◆ THE PROBLEM ◆
Give the entries below again exactly. Their pictures are not needed.

◆ DATA RECORDS ◆

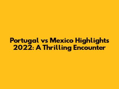 Hey guys! Let's dive into a recap of the Portugal vs. Mexico game from 2022! This match was a rollercoaster of emotions, showcasing some incredible talent and nail-biting moments. If you missed it, or just want to relive the excitement, you’re in the right place. We’re going to break down the key plays, the standout performances, and everything that made this game a memorable one. So grab your favorite snack, sit back, and let’s get started!
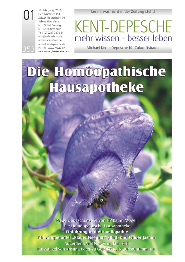 »Mit dieser neuen Depeschenserie möchte ich Ihnen das Grundlagenwissen im Umgang mit einer Homöopathischen Hausapotheke vermitteln, mit dem Sie in der Lage sein werden, sich und Ihre Familie bei akuten Krankheiten und Verletzungen selbst zu helfen sowie auch Erkrankungen vorzubeugen. Mein Name ist Katrin Mögel, ich bin Heilpraktikerin für naturheilkundliche Therapien sowie klassische Homöopathin und leite seit 2003 Homöopathiekurse für Laien. Dabei bin ich immer wieder erstaunt, wie schnell die Teilnehmer die Homöopathie akzeptieren und anwenden. Wenn einmal kein Arzt oder Heilpraktiker erreichbar ist, kann eine Homöopathische Hausapotheke ein Segen sein. In der Größe einer Federtasche kann man sie überallhin mitnehmen. Natürlich sollte jeder Anwender sein eigenes Handwerkszeug, in diesem Fall also die homöopathischen Arzneimittel, kennen. Diese werde ich im Rahmen der Serie nacheinander vorstellen. Doch zuerst seien einleitend kurz die Grundzüge der Homöopathie an sich beschrieben…«
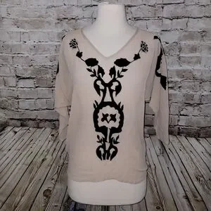Anthropologie Maeve top size XS. Light taupe with black detail. Thin, sheer material. V neck. Bust flat 19", length 24", sleeve length 17" from shoulder seam. Small, faint spot on front shown. No care/material tag. Overall good used condition
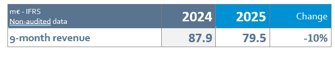 2025年前三季度,累計(jì)營(yíng)收7950萬歐元,同比下降10%(按固定范圍和匯率計(jì)算為-11%)。Olfeo在此期間貢獻(xiàn)210萬歐元。
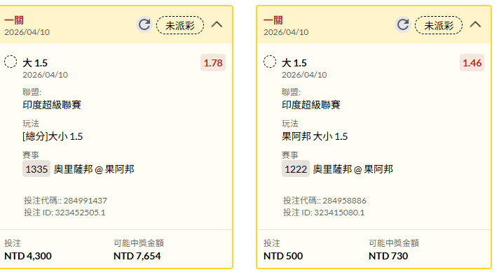 足球 >> 4/10今日場中
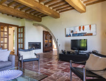 Belle villa luxueuse, individuelle "Cuor di Leone", 350 m au dessus du niveau de la mer. À 7 km du centre de Tuoro, situation ensoleillée, surélevée sur une colline, quartier résidentiel, à 7 km du lac. A usage privé: jardin 3'000 m2 (clôturé), piscine (14 x 5 m, profondeur 130 - 250 cm, disponibilité saisonnière: 01.Mai. - 30.Sep.). Douche extérieure, bain à remous , meubles de jardin, barbecue. Accès en voiture (1 km chemin non goudronné). Place de parking près de la maison. Magasin d'alimentation 7 km, supermarché 7 km, restaurant 1 km. Attractions à proximité: Passignano Sul Trasimeno 12 km, Cortona 20 km, Castiglion Del Lago 23 km, Montepulciano 35 km, Perugia 40 km. Veuillez noter: voiture recommandée. Groupes de jeunes sur demande seulement.Interior
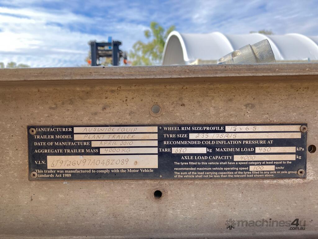 CP: 04/2010,Auswide Equipment,Plant Trailer,Tandem Axle Plant Trailer,Hubometer not visible,Colour: Silver,Rego. No: W36544 NSW,Rego expiry: 25/09/2026,VIN: 6T9T26V97A04BZ089,Sold with No Plates

◆ YOUR RESPONSE ◆
 Hey guys! Let's dive into a recap of the Portugal vs. Mexico game from 2022! This match was a rollercoaster of emotions, showcasing some incredible talent and nail-biting moments. If you missed it, or just want to relive the excitement, you’re in the right place. We’re going to break down the key plays, the standout performances, and everything that made this game a memorable one. So grab your favorite snack, sit back, and let’s get started!
 »Mit dieser neuen Depeschenserie möchte ich Ihnen das Grundlagenwissen im Umgang mit einer Homöopathischen Hausapotheke vermitteln, mit dem Sie in der Lage sein werden, sich und Ihre Familie bei akuten Krankheiten und Verletzungen selbst zu helfen sowie auch Erkrankungen vorzubeugen. Mein Name ist Katrin Mögel, ich bin Heilpraktikerin für naturheilkundliche Therapien sowie klassische Homöopathin und leite seit 2003 Homöopathiekurse für Laien. Dabei bin ich immer wieder erstaunt, wie schnell die Teilnehmer die Homöopathie akzeptieren und anwenden. Wenn einmal kein Arzt oder Heilpraktiker erreichbar ist, kann eine Homöopathische Hausapotheke ein Segen sein. In der Größe einer Federtasche kann man sie überallhin mitnehmen. Natürlich sollte jeder Anwender sein eigenes Handwerkszeug, in diesem Fall also die homöopathischen Arzneimittel, kennen. Diese werde ich im Rahmen der Serie nacheinander vorstellen. Doch zuerst seien einleitend kurz die Grundzüge der Homöopathie an sich beschrieben…«
Anthropologie Maeve top size XS. Light taupe with black detail. Thin, sheer material. V neck. Bust flat 19", length 24", sleeve length 17" from shoulder seam. Small, faint spot on front shown. No care/material tag. Overall good used condition
 2025年前三季度,累計(jì)營(yíng)收7950萬歐元,同比下降10%(按固定范圍和匯率計(jì)算為-11%)。Olfeo在此期間貢獻(xiàn)210萬歐元。
 足球 >> 4/10今日場中
 Belle villa luxueuse, individuelle "Cuor di Leone", 350 m au dessus du niveau de la mer. À 7 km du centre de Tuoro, situation ensoleillée, surélevée sur une colline, quartier résidentiel, à 7 km du lac. A usage privé: jardin 3'000 m2 (clôturé), piscine (14 x 5 m, profondeur 130 - 250 cm, disponibilité saisonnière: 01.Mai. - 30.Sep.). Douche extérieure, bain à remous , meubles de jardin, barbecue. Accès en voiture (1 km chemin non goudronné). Place de parking près de la maison. Magasin d'alimentation 7 km, supermarché 7 km, restaurant 1 km. Attractions à proximité: Passignano Sul Trasimeno 12 km, Cortona 20 km, Castiglion Del Lago 23 km, Montepulciano 35 km, Perugia 40 km. Veuillez noter: voiture recommandée. Groupes de jeunes sur demande seulement.Interior
 CP: 04/2010,Auswide Equipment,Plant Trailer,Tandem Axle Plant Trailer,Hubometer not visible,Colour: Silver,Rego. No: W36544 NSW,Rego expiry: 25/09/2026,VIN: 6T9T26V97A04BZ089,Sold with No Plates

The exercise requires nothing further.